Trends in Sustainability Reporting: More Transparent and Transportable

Trends in Sustainability Reporting: More Transparent and Transportable

Tuesday, June 3, 2014 - 12:30pm

CONTENT: Article

By Keith Littlejohns & Tim Woodall
Strategists, Sustainability Communications

From now through fall, a flurry of sustainability reports will be hitting our inboxes, all taking different approaches to transparency and design. There are a number of trends we observed over the past year that will have implications for sustainability reporting in 2014, such as more detailed materiality analysis, deeper stakeholder engagement and a growing number of integrated reports.

We’re now tracking three of these emerging trends: increasing disclosure and metrics on supply chains, making online reports more tablet-friendly, and the strategic use of social media in content creation and promotion.

Bringing Sunlight into the Supply Chain

In 2013, tragedies such as the Rana Plaza apparel factory collapse in Bangladesh and scandals such as the horsemeat debacle in Europe led to an unprecedented consumer interest in companies’ supply chains. This was amplified by activist campaigns such as Greenpeace’s Detox campaign.

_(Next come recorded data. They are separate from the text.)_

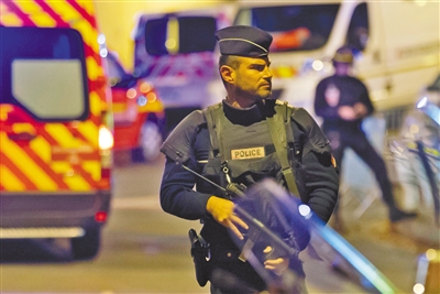 当地时间11月13日,在法国巴黎,警察在法兰西体育场外巡逻。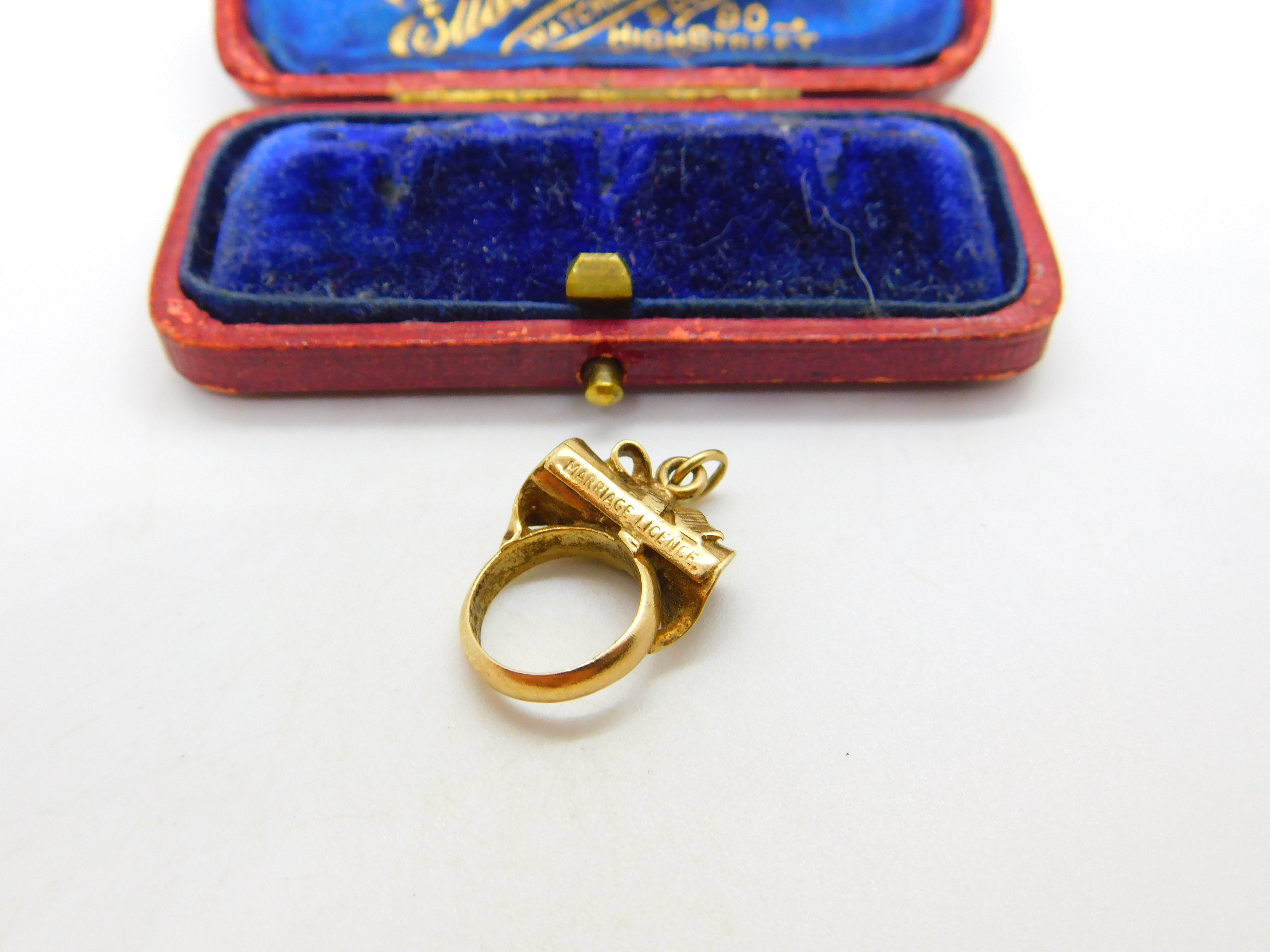 Marriage Licence 9ct Yellow Gold Charm or Pendant with Stanhope Vintage 1965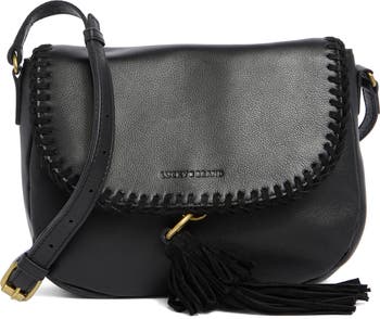 Whipstitched suede trim and tassels boost the Western-chic style of this compact crossbody bag featuring a top-flap closure and exterior slip pockets.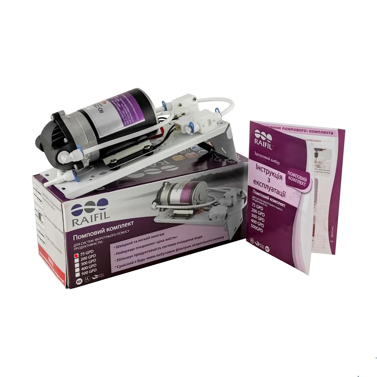 Насос (помпа) використовується для систем зворотного осмосу продуктивністю 50 і 75 GPD, коли тиск на вході в систему зворотного осмосу нижче необхідного для нормальної роботи (менше 2,8 атмосфер). Насос вмикається та вимикається автоматично залежно від споживання води та працює абсолютно безшумно. Комплектується насос датчиком низького та високого тиску, які відключатимуть насос у міру потреби. Споживання електроенергії мінімальне.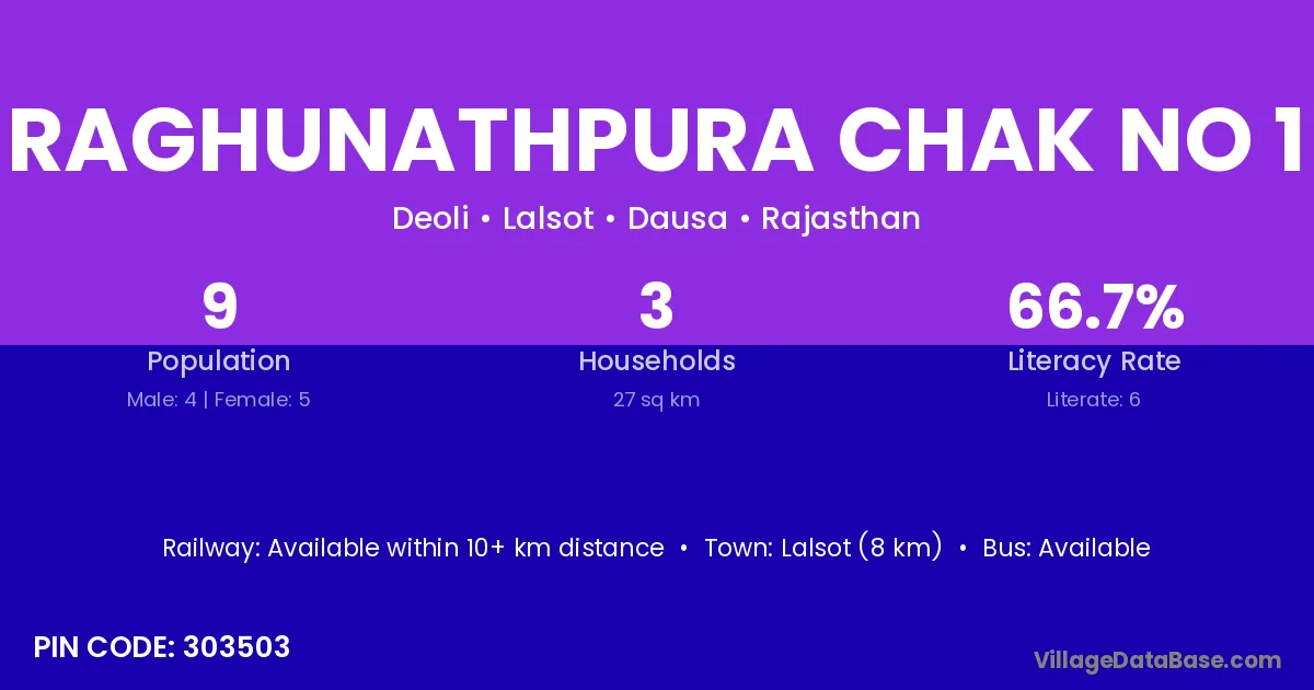 Lalsot (8 km) is the nearest town to Raghunathpura Chak No 1 village for major economic activities and is located approximately 8 km away.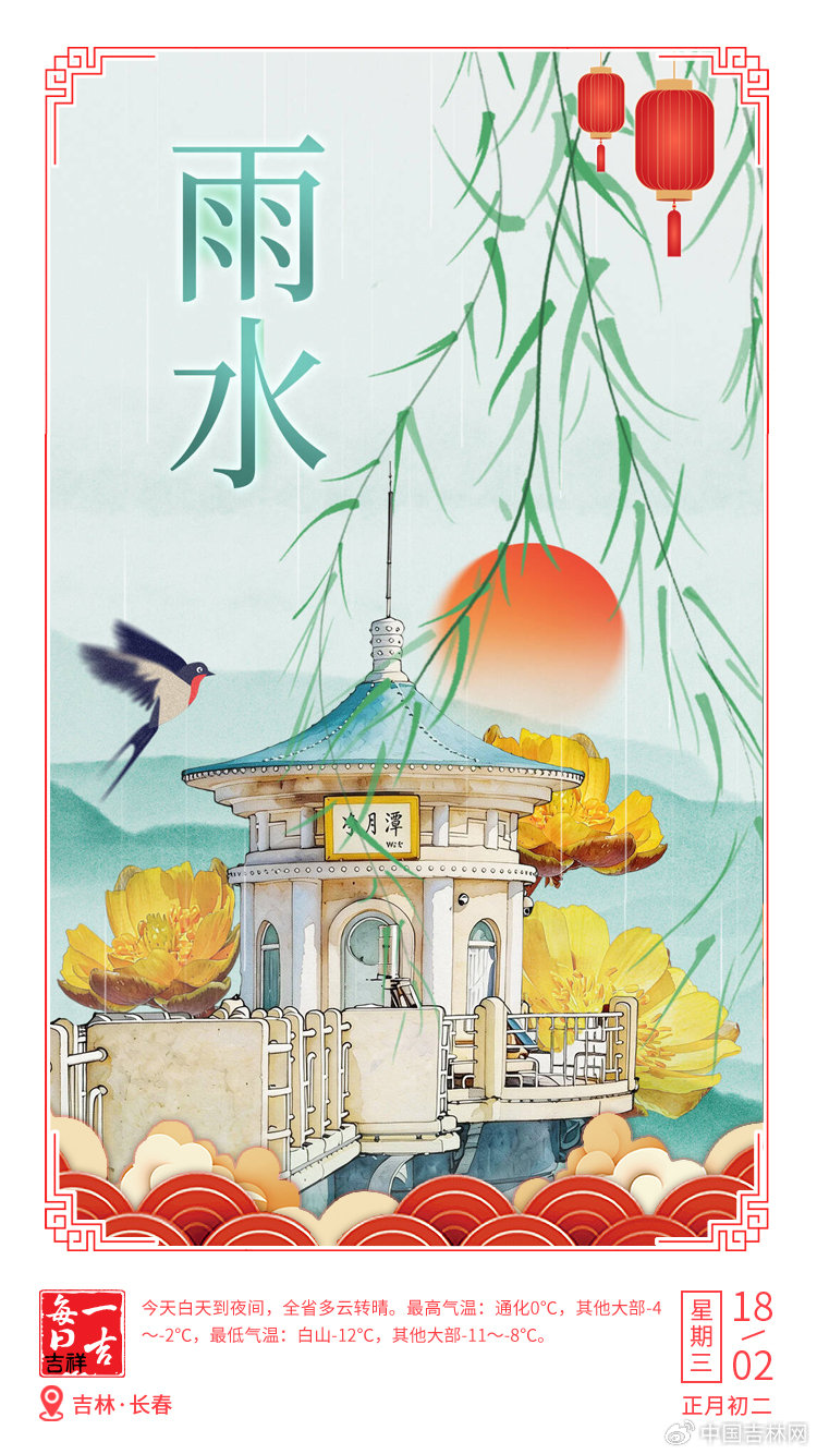 【天气】今天白天到夜间,全省多云转晴。最高气温:通化0℃,其他大部-4~-2℃,最低气温:白 山-12℃,其他大部-11~-8℃。 【有礼】吉刻新闻APP"签到有礼"计划已启动。每月将从连续签到的用户中,抽取5位幸运读者,每人赠送 一本精选好书。坚持到年底的用户还有惊喜大奖。 【恢复】2月18日(初二)起,长春万象城恢复冬季正常营业时间,10:00-21:30。 【禁止】吉林市松花湖管理局日前发布公告,松花湖水域进入春融解冻期,极易引发冰面塌陷、坠冰溺水 等安全事故。禁止任何单位和个人擅自在松花湖冰面开展游玩、逗留、冬泳、滑冰、垂钓、捕鱼等活动; 禁止任何行人、车辆擅自在松花湖冰面通行。 省内 ★2026年春节假期前2天(2月15日至16日),全省重点A级旅游景区及冰雪旅游场所累计接待游客量较上 年春节同期(2025年1月27日至28日)增长29.8%,假日文旅市场迎来强势开门红。 ★假期前两日,长春市整体消费金额达24亿元,同比增长11.7%;消费人次达261万,同比增长20%以上; 国内游客接待量、出游总花费同比分别增长18.50%和21.05%,京津冀、长三角游客同比增长18.69%,18- 45岁核心 ...

While increased disclosure may not prevent such supply chain disasters, companies that publicly audit and improve the practices of their suppliers can generate meaningful improvements. Although firms may not have control over entities that produce parts of their product lines, it may not matter in the court of public opinion; just ask Gap, Kmart or The Walt Disney Company who were blamed when things went wrong.

For companies looking to take a comprehensive approach to supply chain transparency, best practices include such disclosures as:

  • Providing names and addresses of suppliers (Adidas)
  • Requiring suppliers to abide by a code of conduct (Dell)
  • Employing verifiable production systems to confirm the sustainability of its suppliers (McDonalds)
  • Auditing results on a range of topics (Timberland)
  • Partnering on joint collaboration projects (Unilever)
  • Reporting Scope 3 greenhouse gas emissions other than business travel (Kraft Foods)
  • Sharing anonymous supply chain scorecard data with suppliers (Target)

So why are companies disclosing more? Essentially, they are protecting their brands. Companies are encouraged to disclose greater details about their supply chain impacts in the new G4 guidelines. The level of disclosure will likely increase in the future, as companies begin to see sustainability in the supply chain as a tool they can use to increase reputational value and strengthen brand loyalty.

If companies are being transparent about the materials that go into their products, they also need to acknowledge the footprint of producing those inputs. In the Kraft example above, the company found that third party suppliers account for up to 90 percent of its GHG emissions. This is a critically important discovery, and highlights that as comprehensive as some reporters claim to be, nearly all sustainability reports are only just beginning to touch the edge of reporting boundaries we will be drawing 10-15 years from now.

It will pay dividends to get a head start.